I actually think your parents are being a little selfish, expecting to have it all their own way and expecting you to be OK with the thought of putting them at risk.

But: In a similar situation, my sister has bubbled herself and her girls with our father. Despite her husband going out to work every single day on public transport and she is going shopping at times (otherwise WFH). My BIL does not attend Father's house at all which reduces their risk factors I guess.

Personally, DH and I visit with his parents and the children socially distanced in the garden, but they are older and PIL are well aware of the risks to themselves, particularly FIL. We have maintained the no physical contact rule because DH goes to work, I go to work at times and the children have to attend school at times.
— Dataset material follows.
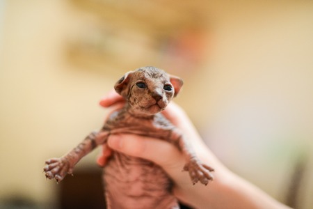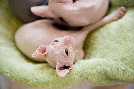 Sphynx cat - a small two-month-old kitten. Hairless cat breed
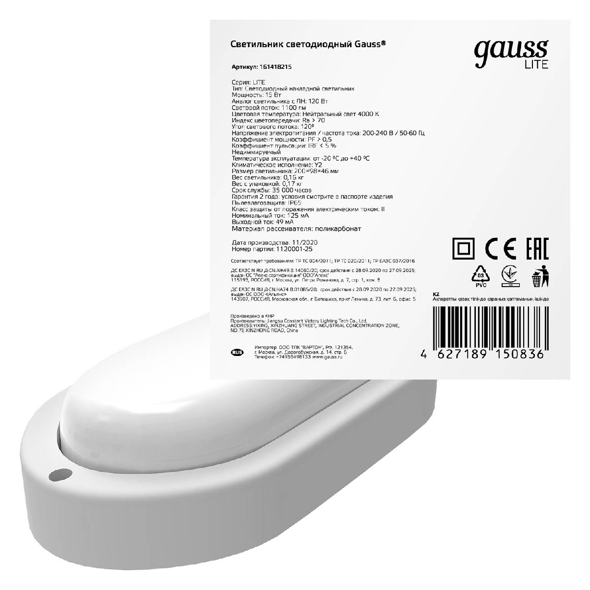 —Настенно-потолочный светодиодный светильник Gauss Lite 161418215

None of us could forgive ourselves if anything happened to them. I don't have a good relationship with my parents but we have already lost mother to Covid. When a vulnerable person is involved, I would not want to take the risk and have it on my conscience forever more.

If you felt like a compromise, maybe visit with your parents on a day when you don't go anywhere else and make sure you are scrupulously clean beforehand, ie freshly showered, clean clothes that day and the same for your son. I don't think the risk from your DH passing the virus to you and then you to them is any different to you walking past someone in the street while you are walking your dog, if you are practicing good hygiene normally.

Sally872 Tue 23-Jun-20 11:18:22

@2Rebecca Maybe toddlers don't always want hugged but mine often took grans hand to lead them somewhere to play or asked to sit on knee or be carried around. Socially distancing with toddlers is difficult.